> **Problem details**
Your task is to copy the data exactly while leaving out every picture.

> **Data**
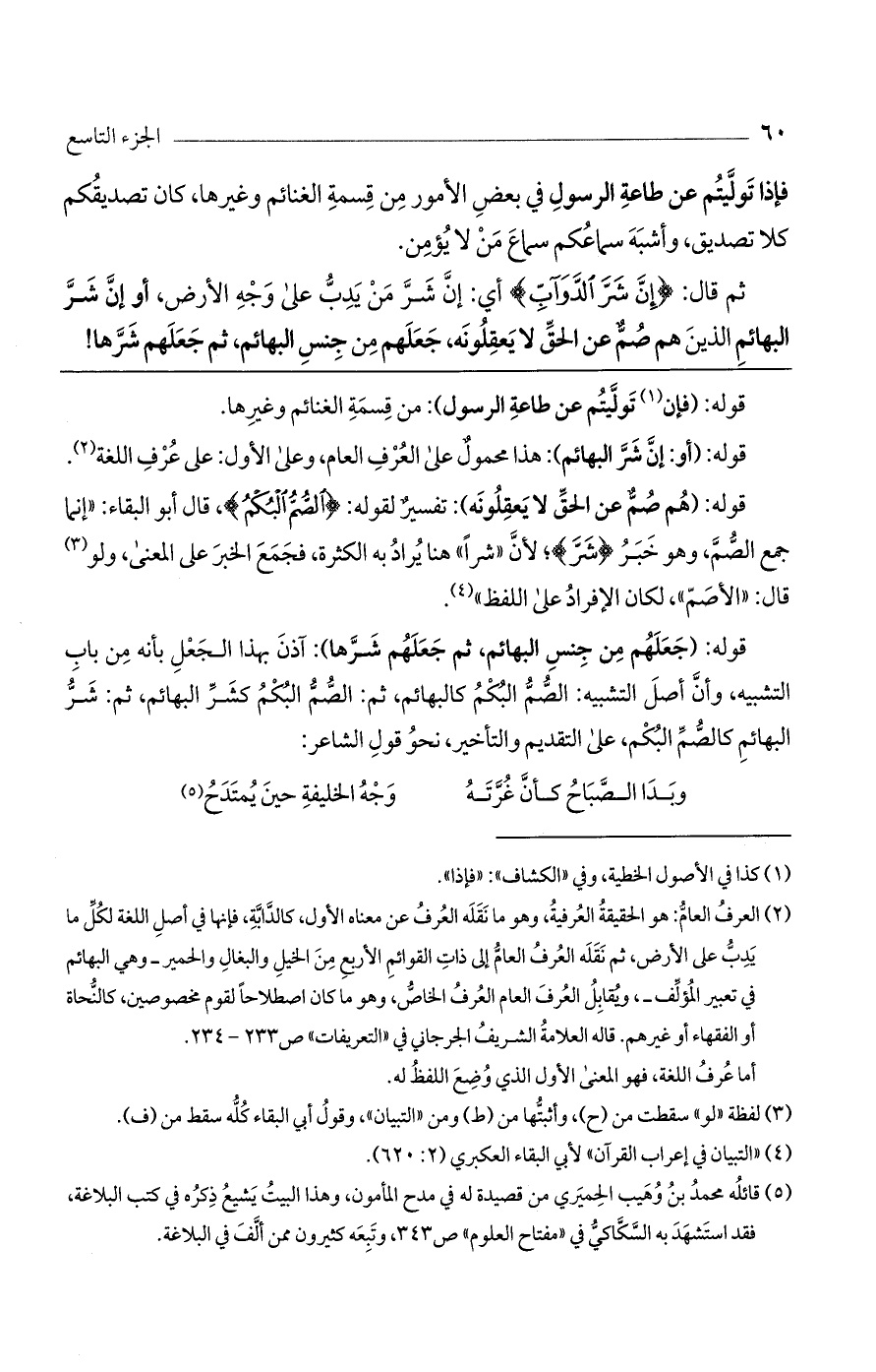قوله: (هم صم عن الحق لا يعقلونه): تفسير لقوله: (الصُّمُّ الْبُكْمُ)، قال أبو البقاء: "إنما جمع الصم، وهو خبر (شَرَّ)؛ لأن "شراً" هنا يُراد به الكثرة، فجمع الخبر على المعنى، ولو قال: "الأصم"، لكان الإفراد على اللفظ".
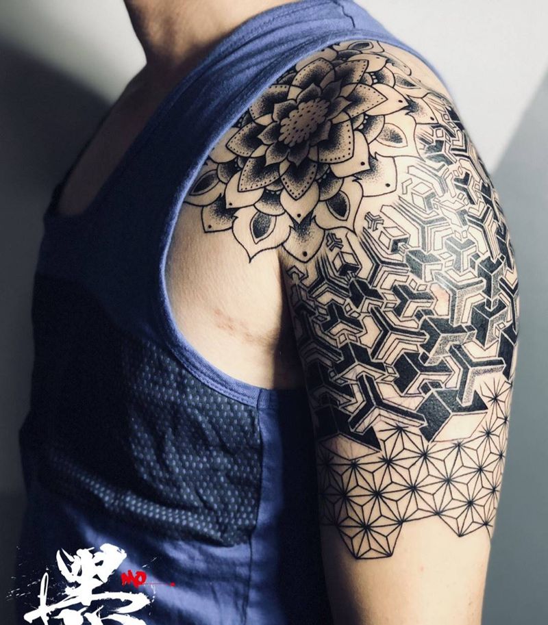 #樊花##几何点刺#纹身图片_成品插画手臂几何花都广州纹身图案
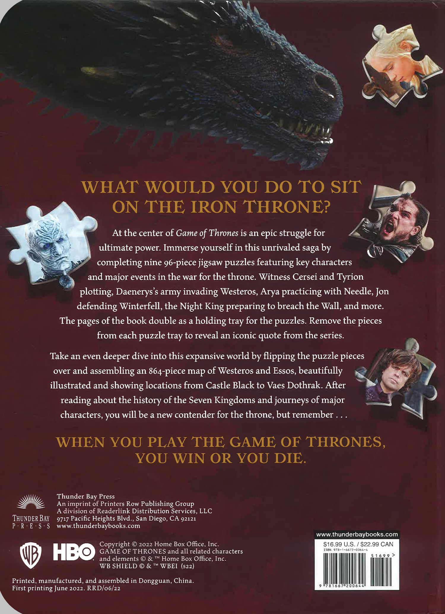 The world of Westeros is at your fingertips as you learn trivia and facts from the hit HBO series Game of Thrones and piece together nine 96-piece jigsaw puzzles featuring iconic characters and scenes. Each puzzle is accompanied by informative text about the depicted characters, giving readers further insight to their importance in the series. As a bonus, the back side of each puzzle shows a section of a map—and when laid out side by side, the nine puzzles form the entire map of Westeros and the surrounding lands. The puzzles all fit into individual recessed trays in the book’s pages, keeping the puzzles in place wherever you go.
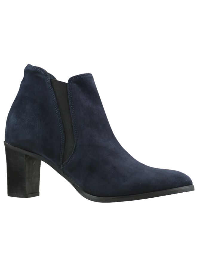 A short ankle boot in the color Navy Blue of the brand La Ross. The boot has a round toe and along both sides is a diagonally elastic fabric. The heel is in a neutral black color. The shaft height is from the heel 11 cm and the shaft circumference is 26 cm. the inside of the boot is lined with leather.
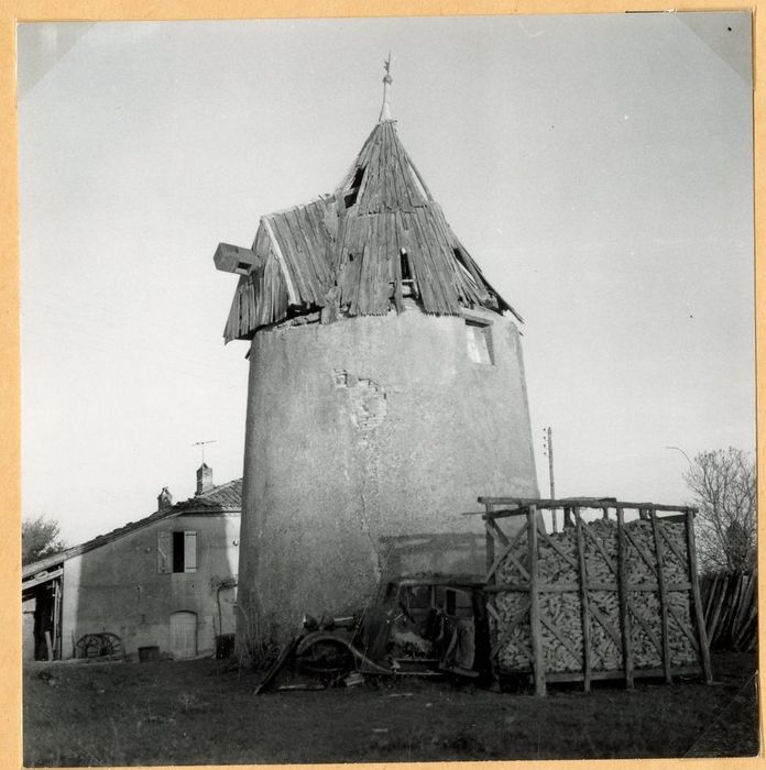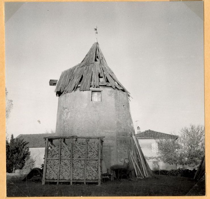 Connue aussi sous le nom de moulin de Saint-Angel, cette tour tronconique sur butte artificielle, construite en brique avec de rares assises en pierre, portait l'inscription "achetté en 1759", gravée sur une brique scellée au dessus de la porte d'entrée. Cette date, aujourd'hui disparue, est rappelée par un écriteau à l'intérieur de la salle en rez-de-chaussée surélevé, équipée de deux paires de meules. Jadis une paire de meules était située à l'étage, comme en témoignent les empreintes de l'escalier suspendu laissées dans la maçonnerie et les ouvertures. Vers 1940, un moteur à essence remplace l'énergie éolienne. Le moulin cesse son activité quelques années plus tard en 1951 ; la toiture et les ailes sont refaites en 1979. Ce moulin a été consolidé à sa base par un cerclage en fer, après la tempête de décembre 1999.
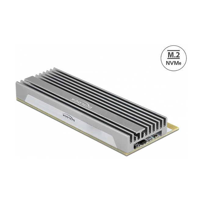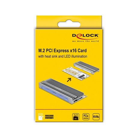 "DeLOCK PCI Express x16 (x4 / x8) Card to 1 x NVMe M.2 Key M with LED illumination. Host interface: PCIe, Output interface: M.2. Product colour: Grey, Cooling type: Passive, Country of origin: China. Width: 44 mm, Depth: 98 mm, Height: 5 mm"\n"This PCI Express card by Delock expands the PC by one M.2 slot. One M.2 module in 2280, 2260, 2242 or 2230 format can be connected. The card can be operated through the notches on an x1, x4, x8 or x16 slot. If the card will be installed in the PC, the slot bracket does not have to be removed.
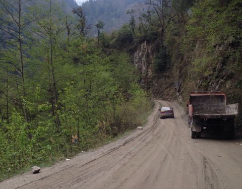 过通麦大桥,便上了川藏线上最为险峻的一段路,素有“死亡路段”之称的排龙天险,这是川藏线最险的一段路,在波密和林芝之间,全长14公里,路仅有一车之宽,雨季时经常塌方或泥石流,另外道路车辙严重,小轿车通过时经常托底,顺利的走这14公里的路也得一个多小时,是川藏线的必经之路,估计明年大桥和隧道建好之后,通行状况会有很大的改善。
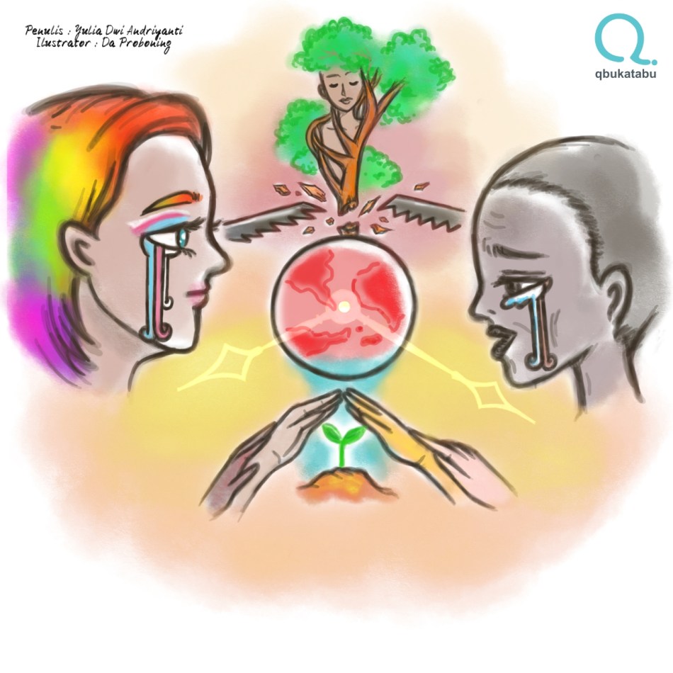 Darurat iklim ini tentunya bukan hanya menjadi perjuangan sehari-hari masyarakat adat. Ia menjadi perjuangan setiap orang, tidak terkecuali orang-orang queer dan trans*. Orang-orang queer dan trans* pun terkena dampak akibat bencana yang terjadi. Kerap kali saat penanganan, pemberian bantuan darurat serta pemulihan, orang-orang queer dan trans* kesulitan mendapatkan berbagai akses tersebut. Kesulitan terjadi karena konsep penanganan paska bencana yang sangat terfokus pada pemahaman yang cis-hetero. Kesulitan dalam akses ini juga muncul karena stigma yang dikukuhkan bahwa sebuah bencana terjadi karena dosa dan kesalahan dari orang-orang queer dan trans*. Alhasil, peminggiran semakin kuat padahal kebutuhan mendasar paska kondisi krisis harus segera dipenuhi. Orang-orang queer dan trans* semakin dimiskinkan dan dituntut untuk bangkit dan memulihkan diri sendiri di tengah kondisi fisik dan mental yang buruk, situasi kehilangan tempat tinggal, bahkan orang-orang yang dicintai.
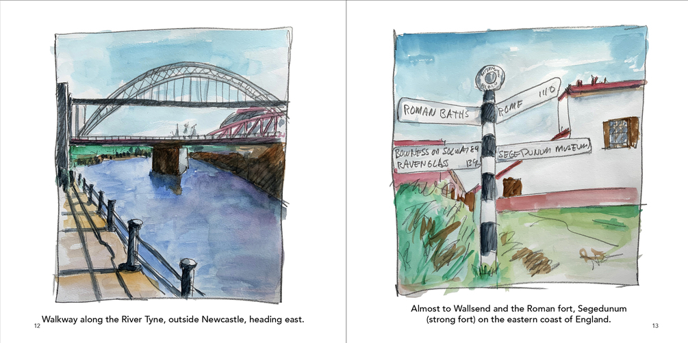 Walking Hadrian’s Wall, Wallsend to Bowness-on-Solway takes you on my walking trek along Hadrian’s Wall and across England in the late summer of 2022. I walked along the famous Hadrian’s Wall built in AD 122 by Emperor Hadrian. Over a period of 10 days, I crossed the country. Starting on the east coast at Wallsend I walked to Bowness-on-Solway on the west coast. The journey has been recreated with watercolor illustrations and daily descriptions of the adventure. Over the 84-mile journey, I met many wonderful people and experienced Roman and English history.
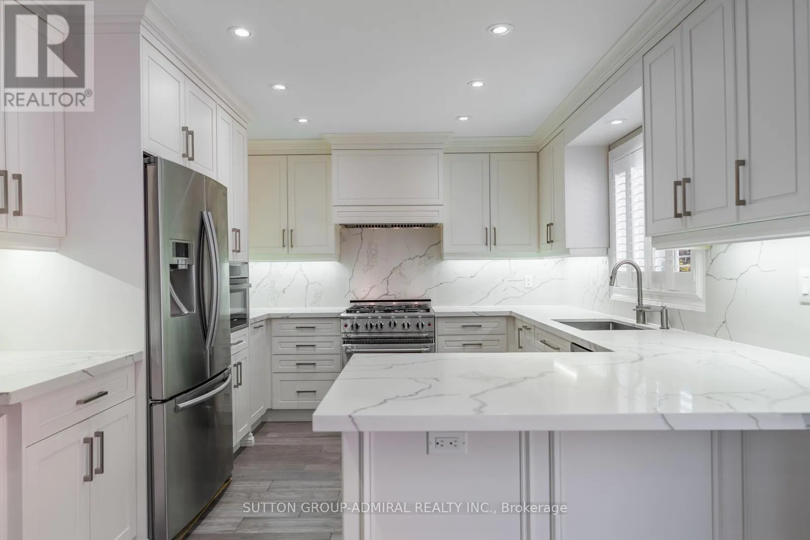 Bathurst/Worth Beautifully renovated family home in one of Thornhill's most sought-after neighbourhoods. This spacious residence features 5 generously sized bedrooms and 3 full washrooms on the upper level, offering an ideal layout for growing families. The primary bedroom boasts a spa-inspired 5-piece ensuite, creating a private retreat. The fully renovated kitchen with stainless steel appliances flows seamlessly into the large family room, creating a perfect space for everyday living. The living and dining rooms connect to create an expansive space complete with a built-in buffet/bar area. Hardwood flooring and a grand staircase add warmth and elegance throughout. The finished basement includes a full second kitchen, providing excellent flexibility for extended family or additional living space. Enjoy a quiet and private backyard setting. Roof recently re-done ('23). Upgraded attic insulation ('21). Conveniently located near top-rated schools including Ventura Park French Immersion, Wilshire Elementary and Westmount high school, as well as public transit, parks, walking trails, soccer fields, Promenade Mall, Walmart and places of worship. A truly turnkey opportunity ready to be enjoyed from day one. See virtual tour! (id:27476)

> **Problem solution**
قوله: (هم صم عن الحق لا يعقلونه): تفسير لقوله: (الصُّمُّ الْبُكْمُ)، قال أبو البقاء: "إنما جمع الصم، وهو خبر (شَرَّ)؛ لأن "شراً" هنا يُراد به الكثرة، فجمع الخبر على المعنى، ولو قال: "الأصم"، لكان الإفراد على اللفظ".
 #樊花##几何点刺#纹身图片_成品插画手臂几何花都广州纹身图案
 The world of Westeros is at your fingertips as you learn trivia and facts from the hit HBO series Game of Thrones and piece together nine 96-piece jigsaw puzzles featuring iconic characters and scenes. Each puzzle is accompanied by informative text about the depicted characters, giving readers further insight to their importance in the series. As a bonus, the back side of each puzzle shows a section of a map—and when laid out side by side, the nine puzzles form the entire map of Westeros and the surrounding lands. The puzzles all fit into individual recessed trays in the book’s pages, keeping the puzzles in place wherever you go.
 A short ankle boot in the color Navy Blue of the brand La Ross. The boot has a round toe and along both sides is a diagonally elastic fabric. The heel is in a neutral black color. The shaft height is from the heel 11 cm and the shaft circumference is 26 cm. the inside of the boot is lined with leather.
 Connue aussi sous le nom de moulin de Saint-Angel, cette tour tronconique sur butte artificielle, construite en brique avec de rares assises en pierre, portait l'inscription "achetté en 1759", gravée sur une brique scellée au dessus de la porte d'entrée. Cette date, aujourd'hui disparue, est rappelée par un écriteau à l'intérieur de la salle en rez-de-chaussée surélevé, équipée de deux paires de meules. Jadis une paire de meules était située à l'étage, comme en témoignent les empreintes de l'escalier suspendu laissées dans la maçonnerie et les ouvertures. Vers 1940, un moteur à essence remplace l'énergie éolienne. Le moulin cesse son activité quelques années plus tard en 1951 ; la toiture et les ailes sont refaites en 1979. Ce moulin a été consolidé à sa base par un cerclage en fer, après la tempête de décembre 1999.
 "DeLOCK PCI Express x16 (x4 / x8) Card to 1 x NVMe M.2 Key M with LED illumination. Host interface: PCIe, Output interface: M.2. Product colour: Grey, Cooling type: Passive, Country of origin: China. Width: 44 mm, Depth: 98 mm, Height: 5 mm"\n"This PCI Express card by Delock expands the PC by one M.2 slot. One M.2 module in 2280, 2260, 2242 or 2230 format can be connected. The card can be operated through the notches on an x1, x4, x8 or x16 slot. If the card will be installed in the PC, the slot bracket does not have to be removed.
 过通麦大桥,便上了川藏线上最为险峻的一段路,素有“死亡路段”之称的排龙天险,这是川藏线最险的一段路,在波密和林芝之间,全长14公里,路仅有一车之宽,雨季时经常塌方或泥石流,另外道路车辙严重,小轿车通过时经常托底,顺利的走这14公里的路也得一个多小时,是川藏线的必经之路,估计明年大桥和隧道建好之后,通行状况会有很大的改善。
 Darurat iklim ini tentunya bukan hanya menjadi perjuangan sehari-hari masyarakat adat. Ia menjadi perjuangan setiap orang, tidak terkecuali orang-orang queer dan trans*. Orang-orang queer dan trans* pun terkena dampak akibat bencana yang terjadi. Kerap kali saat penanganan, pemberian bantuan darurat serta pemulihan, orang-orang queer dan trans* kesulitan mendapatkan berbagai akses tersebut. Kesulitan terjadi karena konsep penanganan paska bencana yang sangat terfokus pada pemahaman yang cis-hetero. Kesulitan dalam akses ini juga muncul karena stigma yang dikukuhkan bahwa sebuah bencana terjadi karena dosa dan kesalahan dari orang-orang queer dan trans*. Alhasil, peminggiran semakin kuat padahal kebutuhan mendasar paska kondisi krisis harus segera dipenuhi. Orang-orang queer dan trans* semakin dimiskinkan dan dituntut untuk bangkit dan memulihkan diri sendiri di tengah kondisi fisik dan mental yang buruk, situasi kehilangan tempat tinggal, bahkan orang-orang yang dicintai.
 Walking Hadrian’s Wall, Wallsend to Bowness-on-Solway takes you on my walking trek along Hadrian’s Wall and across England in the late summer of 2022. I walked along the famous Hadrian’s Wall built in AD 122 by Emperor Hadrian. Over a period of 10 days, I crossed the country. Starting on the east coast at Wallsend I walked to Bowness-on-Solway on the west coast. The journey has been recreated with watercolor illustrations and daily descriptions of the adventure. Over the 84-mile journey, I met many wonderful people and experienced Roman and English history.
 Bathurst/Worth Beautifully renovated family home in one of Thornhill's most sought-after neighbourhoods. This spacious residence features 5 generously sized bedrooms and 3 full washrooms on the upper level, offering an ideal layout for growing families. The primary bedroom boasts a spa-inspired 5-piece ensuite, creating a private retreat. The fully renovated kitchen with stainless steel appliances flows seamlessly into the large family room, creating a perfect space for everyday living. The living and dining rooms connect to create an expansive space complete with a built-in buffet/bar area. Hardwood flooring and a grand staircase add warmth and elegance throughout. The finished basement includes a full second kitchen, providing excellent flexibility for extended family or additional living space. Enjoy a quiet and private backyard setting. Roof recently re-done ('23). Upgraded attic insulation ('21). Conveniently located near top-rated schools including Ventura Park French Immersion, Wilshire Elementary and Westmount high school, as well as public transit, parks, walking trails, soccer fields, Promenade Mall, Walmart and places of worship. A truly turnkey opportunity ready to be enjoyed from day one. See virtual tour! (id:27476)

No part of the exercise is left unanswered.